There are four main groups of physical equipment that support material flow: carts, workstations, packaging, and flow racks. Of those four groups, flow racks are the least understood. It may be because the others are encountered in normal life – if you go to any grocery store, car shop, mall, or even restaurant you’ll encounter various kinds of carts, workstations, and packaging. Not so much for flow racks, although they are often there but just not as visible, providing specific and useful functions.

What are flow racks?

Not to be obvious, but it’s a rack that helps with the flow of materials: material is introduced on one side and flows through the unit to the other side.

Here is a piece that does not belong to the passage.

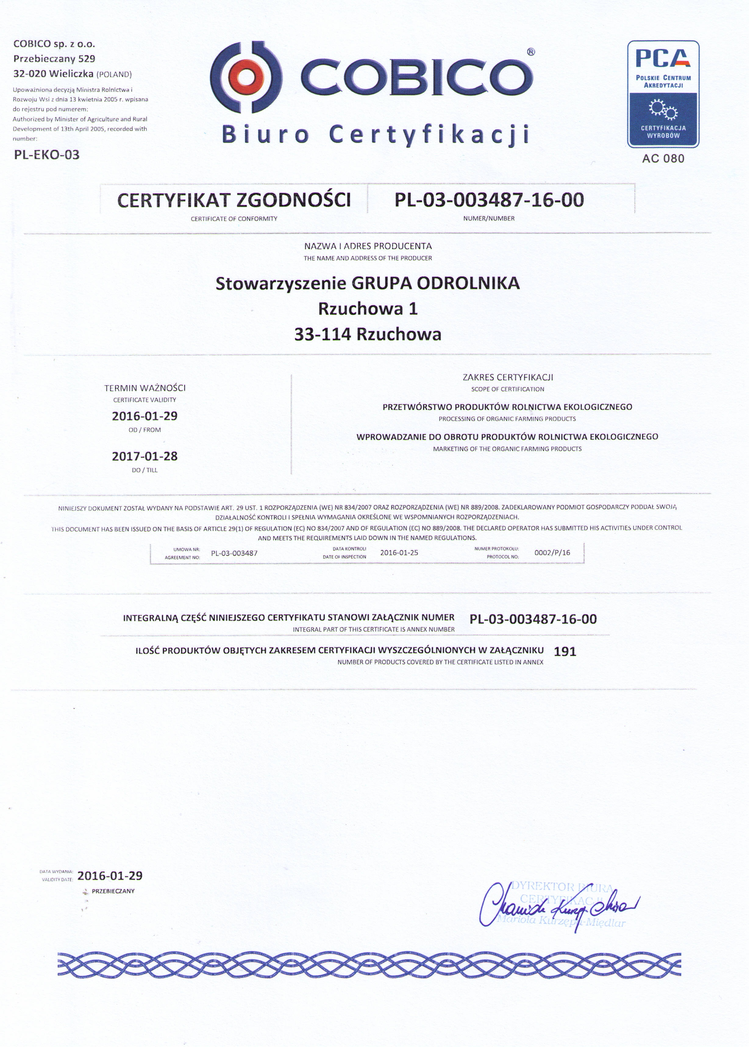 Faktycznie ekologiczną jakość produktów przez nas oferowanych gwarantują poszczególni rolnicy (dostawcy) i ich indywidualne certyfikaty oraz certyfikat naszego sklepu.

They are also commonly referred to as live storage racks, point of use racks, gravity feed racks, and flow chutes, among other names. The characteristics of a flow rack are usually defined by the external footprint, the number of levels (rows), and the number of lanes (columns).

How do flow racks work?

The “flow” part of flow rack is almost always accomplished by gravity, making flow racks unique among the other types of equipment in that they move material without human action. The mechanism of flow can be roller tracks with wheels or an angled, flat surface that allows free movement.

Flow racks can be designed to move unpackaged parts, cardboard boxes, totes, bins, pallets, or almost any other kind of material. Custom flow racks can be designed at various dimensions, lanes, and levels along with other specific adjustments to fulfill specific functions.

Where are flow racks used?

If we use the term flow chutes, which is a specific kind of flow rack, you may get a different mental image – a slide. Take a ball and roll it down a slide, that’s a flow chute. The rear load refrigerators in gas stations and party stores often have angled shelves that flow bottles and cans in dedicated lanes from back to front, those are flow racks. Fast food kitchens use flow chutes to move items from the kitchen to the order picker. Once you start to think about flow racks, you see them in more places than you would expect.

In manufacturing and distribution environments, flow racks are used everywhere – warehouse, supermarket, kit cell, lineside area, and pack out zone.